### Work instructions
Return each record unchanged and drop the images.

### Stored records
>>>

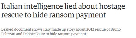 “Sono innumerevoli lati oscuri che caratterizzano alcune operazioni della nostra Intelligence in riferimento alle operazioni all’estero per il rilascio di nostri connazionali sequestrati. Preoccupa e non poco la ricostruzione che il ‘Guardian’ ha fatto del rilascio di Bruno Pellizzari e della moglie Debora Calitz: un documento riservato dell’AISE parla del pagamento di un riscatto da parte delle autorità italiane ma, fino ad oggi, a casa nostra ci avevano raccontato che era stato tutto merito di un blitz delle forze somale e che non c’era stato bisogno di pagare. Ora, è evidente che non possiamo diventare un Giano bifronte: o il giornale britannico ha montato tutto ad arte, ma il documento dell’AISE parla chiaro, oppure chi ha la responsabilità della nostra Intelligence ha mentito.
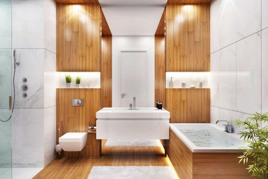 Privilégiez des tasseaux conçus pour les milieux très humides. L’usage d’un bois hydrofuge est fortement recommandé ici. Le bois aux murs améliore aussi l’acoustique de la pièce. Votre décoration de sa salle de bain devient plus apaisante.
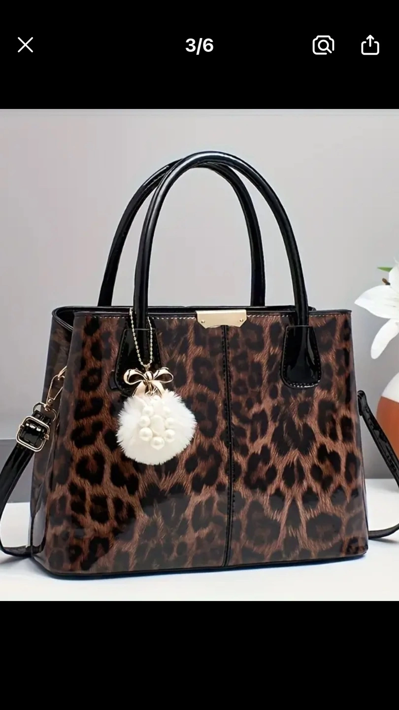 Stylish handbag with a leopard print design. It features black handles and trim, and a cute pompom charm. Perfect for adding a touch of flair to any outfit!
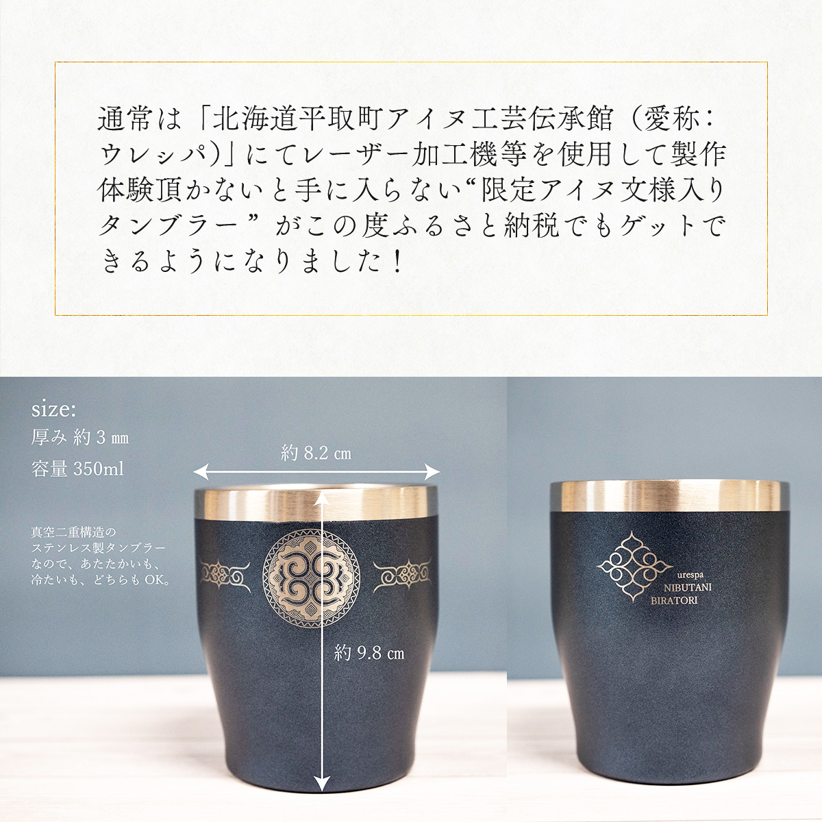 【北海道平取町アイヌ工芸伝承館限定】アイヌ文様入りオリジナルタンブラー BRTA010-1
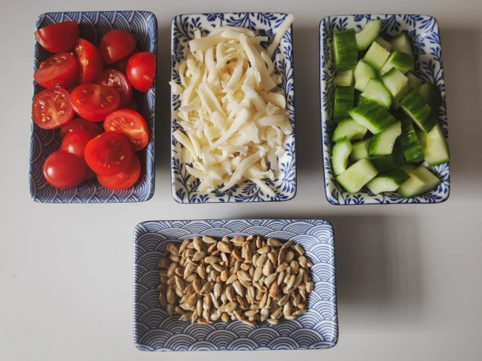 Ser zetrzyj na tarce na grubych oczkach, pomidorki przekrój na pół, ogórka pozbaw wodnistych gniazd nasiennych (np. łyżeczką) i pokrój na mniejsze kawałki. Słonecznik upraż przez chwilę na suchej patelni.
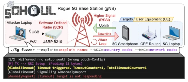5Ghoul 的工作原理基于软件定义无线电(SDR)技术,通过 USRP B210 硬件设备模拟 rogue 基站(gNB),与目标用户设备(UE)建立连接,然后发送精心构造的恶意协议数据单元(PDU),触发目标设备协议栈中的漏洞。
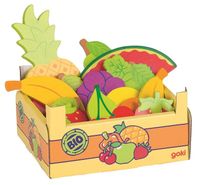 W skrzynceznajdują się między innymi: gruszka, truskawki, jabłko,arbuz, cytryna, pomarańcza, kiść fioletowego winogronu. Łącznie zestaw zawiera 15 sztuk.
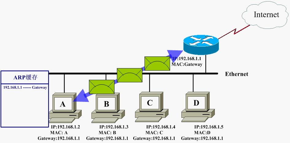 ARP协议是“Address Resolution Protocol”(地址解析协议)的缩写。在局域网中,网络中实际传输的是“帧”,帧里面是有目标主机的MAC地址的。在以太网中,一个主机和另一个主机进行直接通信,必须要知道目标主机的MAC地址。但这个目标MAC地址是如何获得的呢?它就是通过地址解析协议获得的。所谓“地址解析”就是主机在发送帧前将目标IP地址转换成目标MAC地址的过程。ARP协议的基本功能就是通过目标设备的IP地址,发送ARP请求查询目标设备的MAC地址,以保证通信的顺利进行。
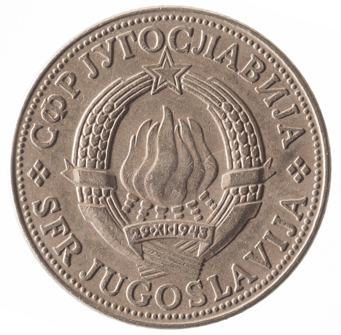 U sredini državni grb. U oko njega uz rub polukružno napisan tekst SFR JUGOSLAVIJA na latinici i ćirilici.
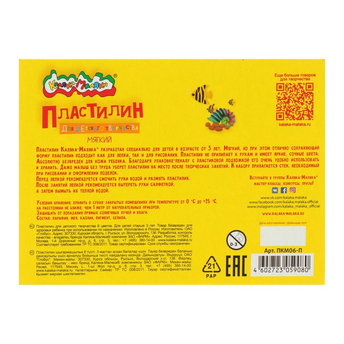 Пластилин «Каляка-Маляка», 6 цветов, 90 г, со стеком — Характеристики
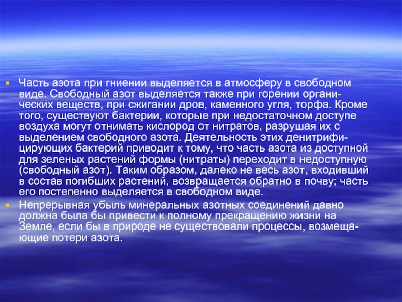 Слайд 27Часть азота при гниении выделяется в атмосферу в свободном виде. Свободный
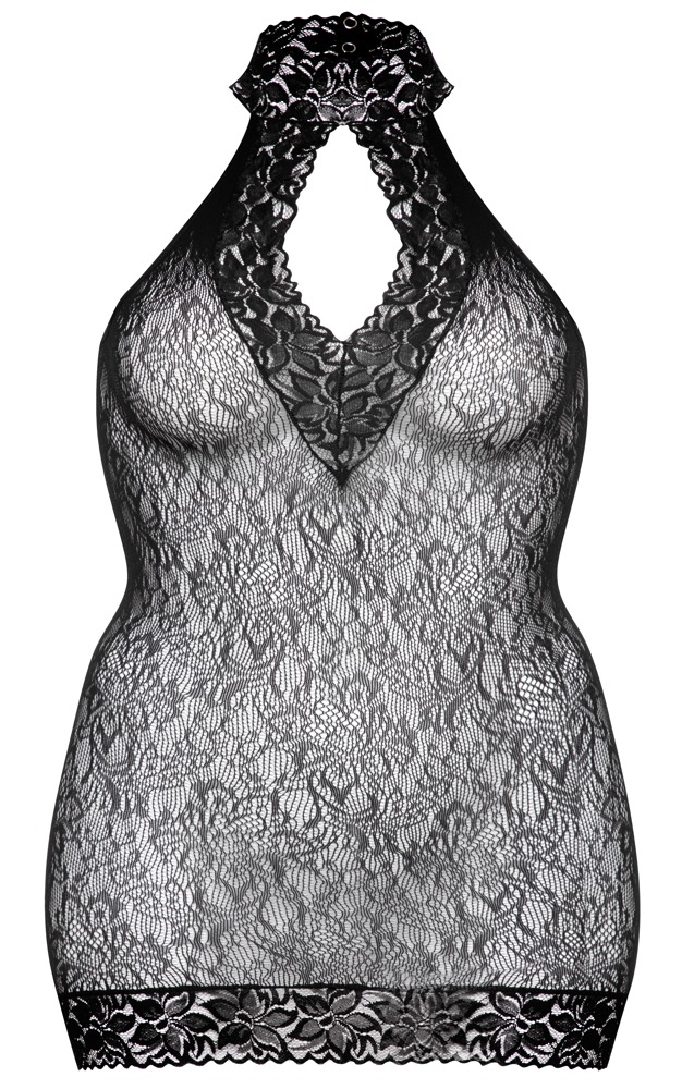 Ettersittnde og ekstra kort kjole Captivate fra Fifty Shades of Grey med cut-out i utringingen og over baken, som innbyr til kjærtegn, kyss eller avstraffelse. Komplett i elastisk blomsterblonde i sømløs kvalitet. Myk og behagelig kvalitet.
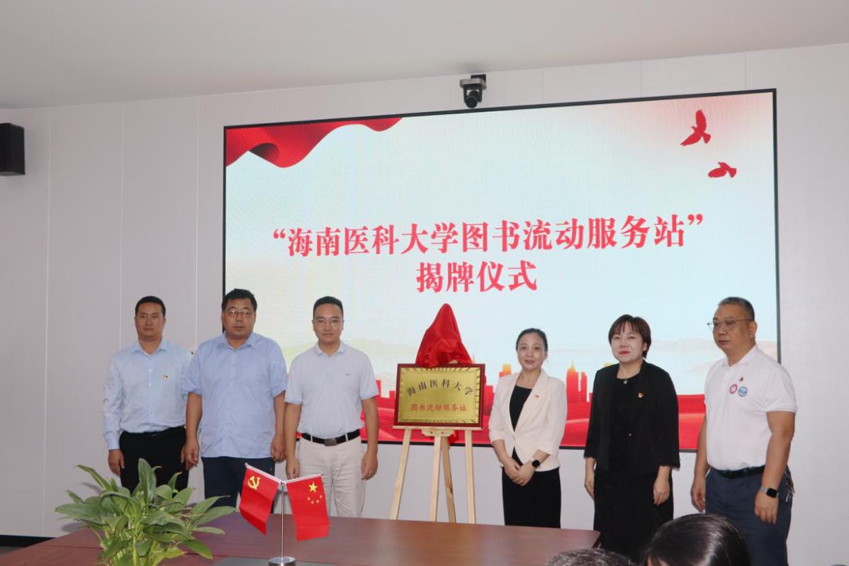 (双方为“海南医科大学图书服务流动站”揭牌)

<<<

### Response below
 “Sono innumerevoli lati oscuri che caratterizzano alcune operazioni della nostra Intelligence in riferimento alle operazioni all’estero per il rilascio di nostri connazionali sequestrati. Preoccupa e non poco la ricostruzione che il ‘Guardian’ ha fatto del rilascio di Bruno Pellizzari e della moglie Debora Calitz: un documento riservato dell’AISE parla del pagamento di un riscatto da parte delle autorità italiane ma, fino ad oggi, a casa nostra ci avevano raccontato che era stato tutto merito di un blitz delle forze somale e che non c’era stato bisogno di pagare. Ora, è evidente che non possiamo diventare un Giano bifronte: o il giornale britannico ha montato tutto ad arte, ma il documento dell’AISE parla chiaro, oppure chi ha la responsabilità della nostra Intelligence ha mentito.
 Privilégiez des tasseaux conçus pour les milieux très humides. L’usage d’un bois hydrofuge est fortement recommandé ici. Le bois aux murs améliore aussi l’acoustique de la pièce. Votre décoration de sa salle de bain devient plus apaisante.
 Stylish handbag with a leopard print design. It features black handles and trim, and a cute pompom charm. Perfect for adding a touch of flair to any outfit!
 【北海道平取町アイヌ工芸伝承館限定】アイヌ文様入りオリジナルタンブラー BRTA010-1
 Ser zetrzyj na tarce na grubych oczkach, pomidorki przekrój na pół, ogórka pozbaw wodnistych gniazd nasiennych (np. łyżeczką) i pokrój na mniejsze kawałki. Słonecznik upraż przez chwilę na suchej patelni.
5Ghoul 的工作原理基于软件定义无线电(SDR)技术,通过 USRP B210 硬件设备模拟 rogue 基站(gNB),与目标用户设备(UE)建立连接,然后发送精心构造的恶意协议数据单元(PDU),触发目标设备协议栈中的漏洞。
 W skrzynceznajdują się między innymi: gruszka, truskawki, jabłko,arbuz, cytryna, pomarańcza, kiść fioletowego winogronu. Łącznie zestaw zawiera 15 sztuk.
 ARP协议是“Address Resolution Protocol”(地址解析协议)的缩写。在局域网中,网络中实际传输的是“帧”,帧里面是有目标主机的MAC地址的。在以太网中,一个主机和另一个主机进行直接通信,必须要知道目标主机的MAC地址。但这个目标MAC地址是如何获得的呢?它就是通过地址解析协议获得的。所谓“地址解析”就是主机在发送帧前将目标IP地址转换成目标MAC地址的过程。ARP协议的基本功能就是通过目标设备的IP地址,发送ARP请求查询目标设备的MAC地址,以保证通信的顺利进行。
 U sredini državni grb. U oko njega uz rub polukružno napisan tekst SFR JUGOSLAVIJA na latinici i ćirilici.
 Пластилин «Каляка-Маляка», 6 цветов, 90 г, со стеком — Характеристики
 Слайд 27Часть азота при гниении выделяется в атмосферу в свободном виде. Свободный
 Ettersittnde og ekstra kort kjole Captivate fra Fifty Shades of Grey med cut-out i utringingen og over baken, som innbyr til kjærtegn, kyss eller avstraffelse. Komplett i elastisk blomsterblonde i sømløs kvalitet. Myk og behagelig kvalitet.
 (双方为“海南医科大学图书服务流动站”揭牌)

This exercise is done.